Le chroniqueur Mark Cohen, du magazine Forbes
Le chroniqueur Mark Cohen, du magazine Forbes
Ce que valent vraiment les services d'un avocat est une question d'autant plus pertinente que la profession évolue en dehors des règles normales du marché.

C'est du moins ce que plaide le chroniqueur Mark Cohen, du magazine Forbes. « Le fait que les avocats opèrent selon une logique de guilde, et non selon les règles de la concurrence, est la raison première pour laquelle les avocats coûtent si cher », écrit Mark Cohen.

Il n'est pas le premier venu : ex-adjoint du procureur général des États-Unis, associé directeur et fondateur de la boutique litige Mark A. Cohen & Associates, il est présentement Fellow à la Pritzker School of Law à l'Université Northwestern.

Une guilde, rappelons-le, est une association professionnelle de personnes pratiquant une activité commune, qui militent pour des règles et des privilèges spécifiques, protégés par l'État.

Ainsi, contrairement aux autres industries, le droit facture sans pourtant garantir des résultats, et facture d'ailleurs de plus en plus cher malgré qu'il y ait de plus en plus d'avocats.

Et c'est cette mentalité de guilde qui afflige les avocats et les empêchent de se rendre à l'évidence : « les avocats sont les seuls à ne pas avoir compris qu'ils coûtent trop cher », et que leurs tarifs sont sans commune mesure avec la valeur réelle des services rendus.

Plus de concurrence des «non-avocats»

C'est que le marché des services juridiques a changé : l'ère numérique, notamment, rend l'expertise juridique de moins en moins exclusive aux seuls avocats, et la concurrence féroce existant dans la prestation de services juridiques -gestion documentaire, recherche, rédaction, etc.- forcent les cabinets à revoir leur modèle d'affaire.

Sauf que le vieux réflexe demeure : « Les avocats continuent de croire qu'ils sont les seuls à faire ce qu'ils font, et le système professionnel en place, dont la rigidité est un prétexte pour protéger les consommateurs contre les filous, mine l'innovation », soutient Mark Cohen.

Les avocats résistent aux changements qui leur permettrait d'augmenter leur efficience dans la prestation de service, de réduire leurs coûts d'opération et ainsi rendre leurs services plus accessibles. Et ce, parce que « la culture juridique est ancrée dans les précédents, et non dans l'innovation ».

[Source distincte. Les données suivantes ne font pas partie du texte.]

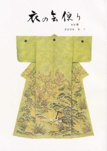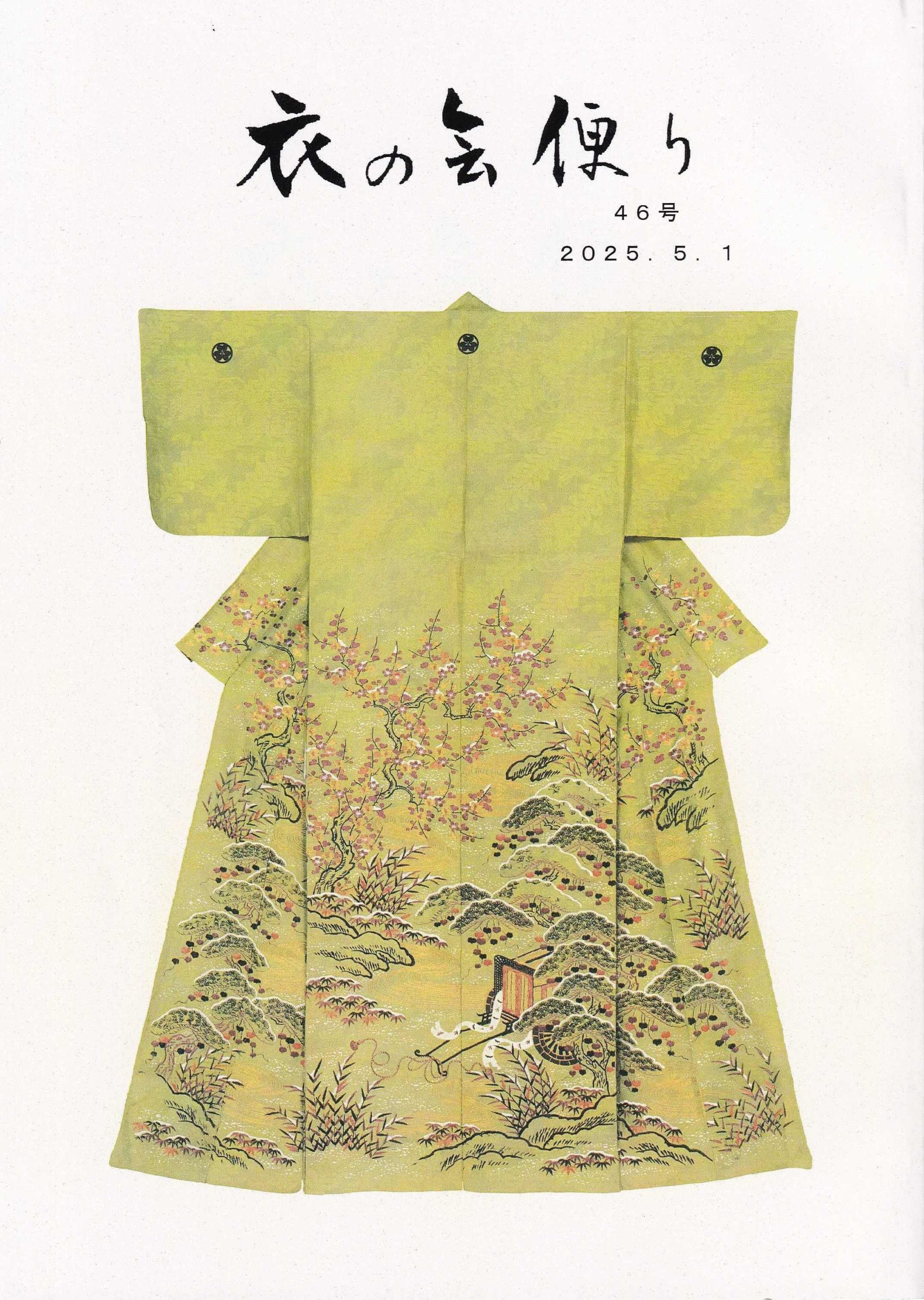 令和7年5月1日付の衣の会便り46号は5月19日に配布されました 内容は研究科、上級、初級の全会員のエッセイ、有志によるミニ知識 特別講義などです。 表紙の着物は青梅着物博物館所蔵 萌黄絽地松竹梅流水御所車縫紋付小袖、 とても美しい色の夏の着物です。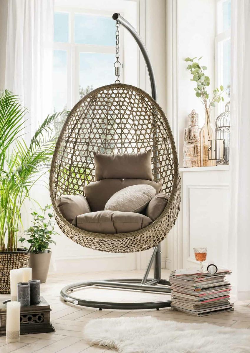 Fuente: pinterestSilla colgante tipo huevo. Existen las dos modalidades con soporte y para techo. Se puede situar tanto en los espacios interiores como exteriores.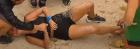 We offers clips of crutching and hopping, leg cast and sprained ankle with models from Europe.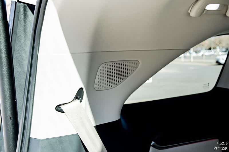 当然了,这里的配置也足够拉满,杯架、USB接口、独立空调出风口、阅读灯,甚至独立扬声器都是每侧一组。其中最让我印象深刻的是音响系统,当前面的屏幕放音乐或视频的时候,我们在第三排能通过D柱内侧的扬声器听到清晰立体的优质音效。
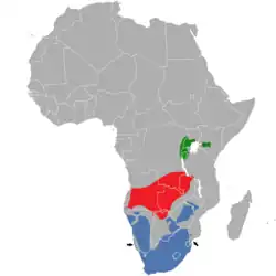 - M. c. capensis Linnaeus, 1766 – Westen und Süden von Namibia, südöstliches Botswana, der Großteil Simbabwes sowie vom Westen und Süden Mosambiks südwärts bis ins südliche Südafrika.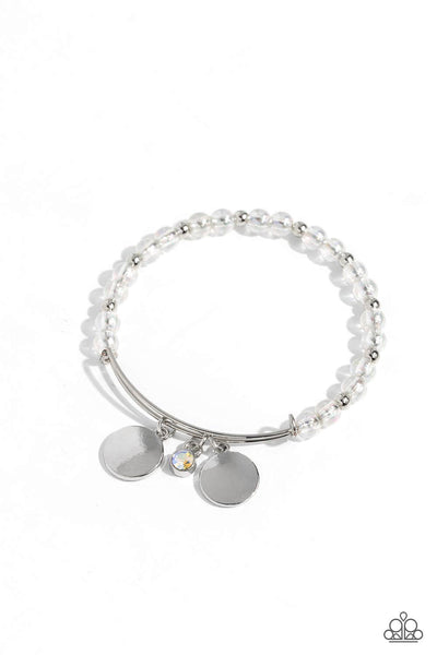 Featuring a subtle iridescent shimmer, a collection of glassy light blue, dark blue, and turquoise beads are infused along the wrist besides dainty silver studs for a bodacious pop of color. Two silver discs and a blue iridescent gem slide along a sleek bar fitting on the dainty silver bangle, creating a sentimental statement. Due to its prismatic palette, color may vary.

Pourtant, « le marché juridique passe d'un paradigme où seuls les avocats offrent des services spécialisés à une offre numérique où l'expertise juridique s'appuie sur des technologies qui font le travail mieux, plus rapidement et à moindre coût », poursuit Mark Cohen.

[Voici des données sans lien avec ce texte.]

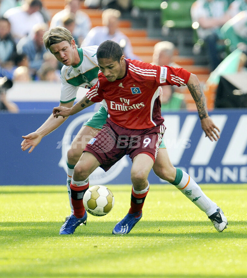 スポーツ サッカー ブレーメンが快勝 ハンブルガーは痛恨の敗戦 2009年5月11日 7:47 発信地:ブレーメン/ドイツ [ ヨーロッパ ドイツ ] このニュースをシェア ‹ › ❮ 6/6 ❯ 08-09ドイツ・ブンデスリーガ1部第31節、ヴェルダー・ブレーメン(%%Werder Bremen%%)対ハンブルガーSV(%%Hamburger SV%%)。試合はブレーメンが2-0で快勝し、首位VfLボルフスブルク(%%VfL Wolfsburg%%)を追走するハンブルガーは勝ち点差を詰められず、痛い敗戦となった。写真はブレーメンのペーテル・ニーメイアー(%%Peter Niemeyer%%)のマークを背に受けながらもボールをキープするハンブルガーのパオロ・ゲレーロ(%%Paolo Guerrero%%)。(2009年5月10日撮影)(c)AFP/DDP/DAVID HECKER 画像作成中 ! 【5月11日 AFP】08-09ドイツ・ブンデスリーガ1部第31節、ヴェルダー・ブレーメン(Werder Bremen)対ハンブルガーSV(Hamburger SV)。試合はブレーメンが2-0で快勝し、首位VfLボルフスブルク(VfL Wolfsburg)を追走するハンブルガーは勝ち点差を詰められず、痛い敗戦となった。(c)AFP サッカー 一覧へ> メディア・報道関係・法人の方向け 写真・動画 購入のお問合せ>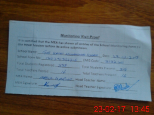 | Certified that this School was Inspected by the Undersigned MEA/DMO Today and the Information Stated Above is as Per Record. | |||||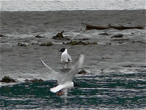 A single parent merganser family cruises off shore, making no noise. The resident crows and a flock of Bonaparte gulls remain silent until I walk in their direction. They take to the air, moan a bit, then fly noiselessly away. Later we see eagles sulking quietly on the beach.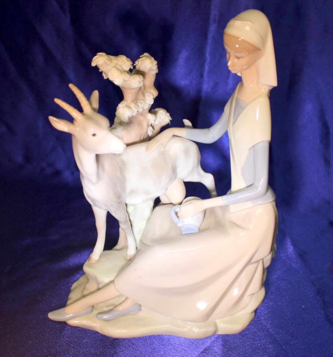 Lladro figurine "Shepherdess with Goat" #4570 girl with goat in mint condition. Issued 1970 Retired 1981. No box.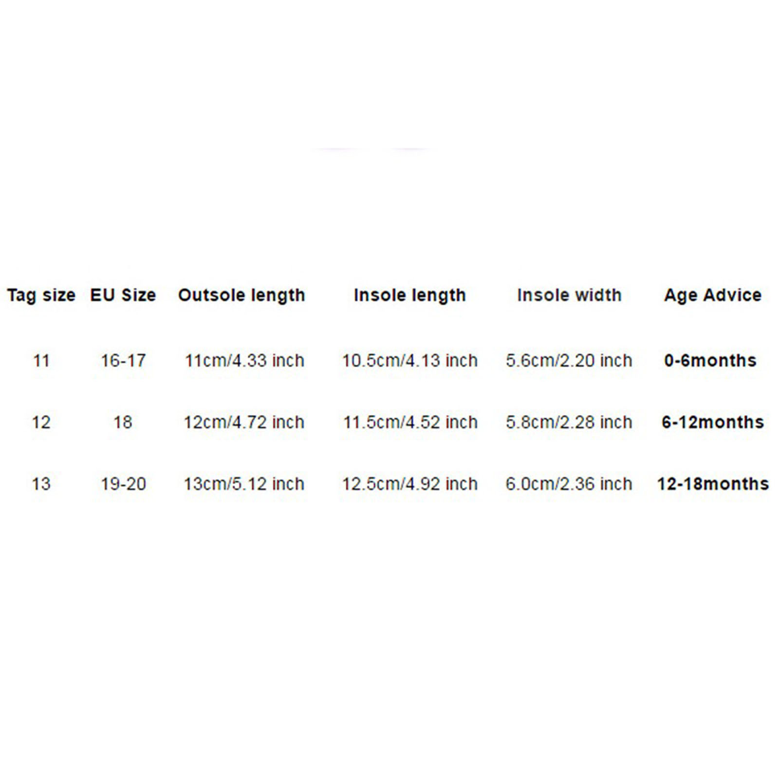 1. Длина подошвы: 11 Длина стельки: 10,5 Ширина стельки: 5,6 Рекомендуемый возраст: 0-6 месяцев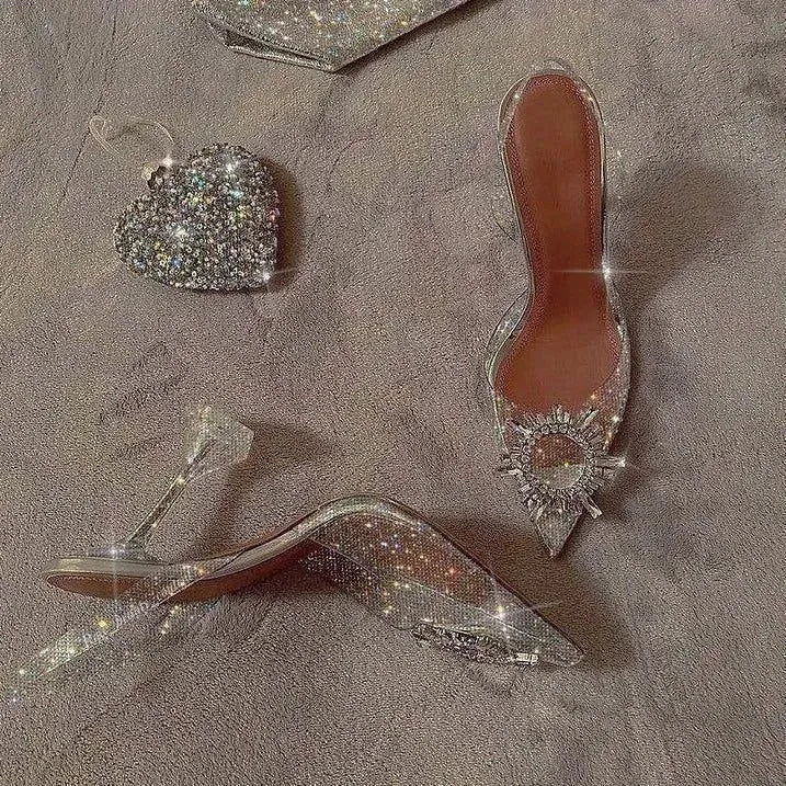 Elevate your style with our Crystal Brooch PVC Heels! Featuring a stunning crystal brooch, transparent PVC material adorned with rhinestones, and a comfortable 4-inch stiletto heel, these heels exude sophistication. The PVC ensures a perfect fit while showcasing your feet gracefully, adding glamour to any outfit. Explore more style ideas on Instagram @mermaid_way. Enjoy a complimentary exchange for size adjustments if needed.

Résultat : les clients, qui déterminent de plus en plus par eux-mêmes ce qui constitue un problème juridique et ce qui requiert les services d'un avocat, sont de plus en plus réticents à payer des honoraires importants pour toutes les tâches d'un avocat. Rédiger des correspondances, faire de la recherche, négocier un règlement ou plaider devant un juge ne s'équivalent pas.

« Dans un marché de plus en plus segmenté, les clients vont sortir leur chéquier pour des services spécialisés, mais pas pour des services juridiques. En d'autres mots, la pratique est en baisse tandis que la distribution de produits et services juridiques est en hausse. »

Les clients en veulent pour leur argent

Le modèle traditionnel, qui repose sur les heures facturées et l'apport de nouveaux clients, ne tient aucunement compte de ce qui se passe dans le vrai monde, alors que le prix d'un service est fonction des résultats finaux. Et de sa valeur.

Les clients veulent en avoir pour leur argent, ce dont peu de cabinets se préoccupent, déplore Mark Cohen.

Au cœur de cette inaptitude à s'adapter aux règles du libre marché, on trouve le modèle traditionnel d'association : au contraire d'une entreprise, aucune mesure n'incite les associés d'un cabinet à réinvestir du capital dans l'innovation, la productivité, l'avantage concurrentiel. « Les vieux cabinets n'ont pas d'incitatifs à investir dans l'avenir de la firme, et cela creuse le fossé générationnel avec les plus jeunes associés, en plus de décourager l'innovation », observe Mark Cohen.

Il appelle la profession à s'adapter : les avocats doivent réduire leur cycle de production, rationaliser leurs opérations, réduire leurs coûts, respecter les budgets, proposer des outils pour remplacer certains services, et ils devront automatiser leurs processus.

« Ils seront rémunérés en fonction de l'atteinte de ces objectifs, et non plus en fonction des heures passées. »

C’est ce que les clients veulent. Et c'est ce qui rendra la justice accessible au plus grand nombre, conclut Mark Cohen.